Eberle Roland · Ständerat · Thurgau · Fraktion der Schweizerischen Volkspartei · 2015-09-21

Wortprotokoll

Ich habe den letzten Satz des Eintretensvotums der Frau Bundesrätin noch im Ohr. Sie sagte, es sei keine Stromwende, sondern eine Energiewende. Wenn ich diese Aussage jetzt konsequent anwende, stelle ich fest, dass in dieser Gesetzgebung eigentlich nur die Effizienzziele in Bezug auf Strom in entsprechender Gigawattleistung quantifiziert sind. Ich verstehe das schon, aber wir schreiben ja keine Strategie, sondern ein Energiegesetz. Und ich denke, in ein Gesetz gehören keine solchen Zahlen - das ist meine persönliche Meinung -, denn es könnte rein grundsätzlich auf beiden Seiten falsch sein: Wir könnten das Ziel allenfalls nicht erreichen und würden dann eine Flut von Vorstössen auslösen, die fordern, dass jetzt diese Richtwerte erreicht werden müssten. Die Produktion könnte auch überschiessen, man könnte maliziös sagen, dass wir uns ja dann zurücklehnen könnten. Das ist ja nicht die Idee. Die Idee ist, dass wir eine möglichst konsistente Gesetzgebung machen, ein Gesetz, das auch den Namen eines Gesetzes verdient und nicht den Namen eines Wunschkonzerts. Die Frage nämlich, was geschieht, wenn diese Ziele nicht erreicht werden, wurde uns nicht beantwortet, oder es wurde uns gesagt, sie seien nur deklaratorisch. Aber ein Gesetz, welches so etwas nur deklariert, ist nach meinem Dafürhalten kein Gesetz, wie ich es mir vorstelle.

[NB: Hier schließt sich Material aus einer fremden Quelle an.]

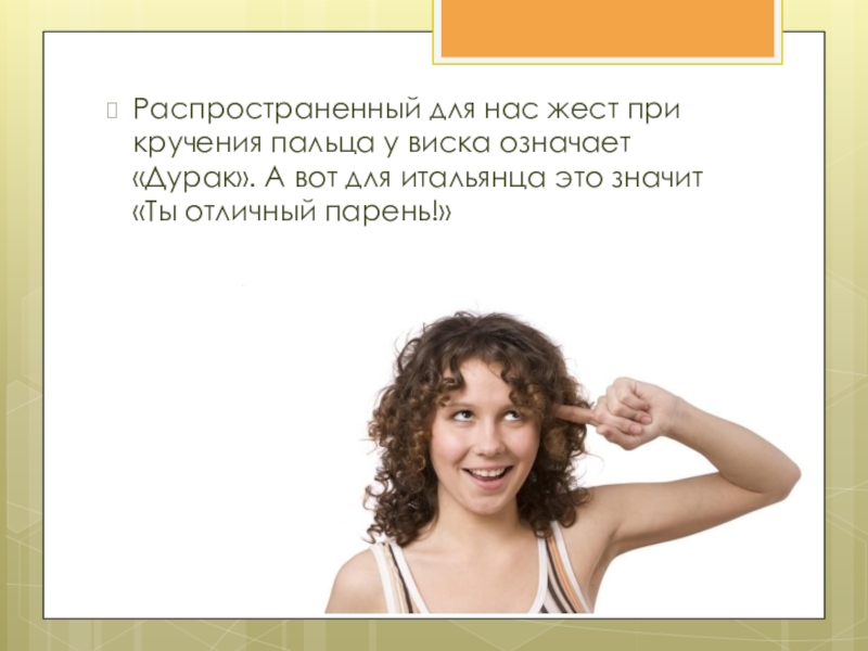 Слайд 18Распространенный для нас жест при кручения пальца у виска означает «Дурак».

Ich finde es eigentlich in diesem Zusammenhang schwierig, Richtwerte vorzulegen, denn entweder meinen wir es ernst mit der Sunset-Klausel, dass wir sechs Jahre nach Inkrafttreten dieses Gesetzes diese Fördermassnahmen abschliessen, und dann kollidiert das möglicherweise mit einem Richtungsziel. Oder wir lassen uns eine Hintertür offen und sagen: "Jetzt können wir diese KEV nicht aufgeben, weil irgendwelche Richtwerte nicht erreicht sind." Das ist meine Unsicherheit oder auch mein Misstrauen. Deshalb bin ich der Meinung, man sollte hier effektiv auf die Festlegung von irgendwelchen Zahlen verzichten.

Ich bitte Sie, die Minderheit II zu unterstützen. Falls diese scheitert, ist es selbstredend, dass ich der Mehrheit folgen würde. [PAGE 933]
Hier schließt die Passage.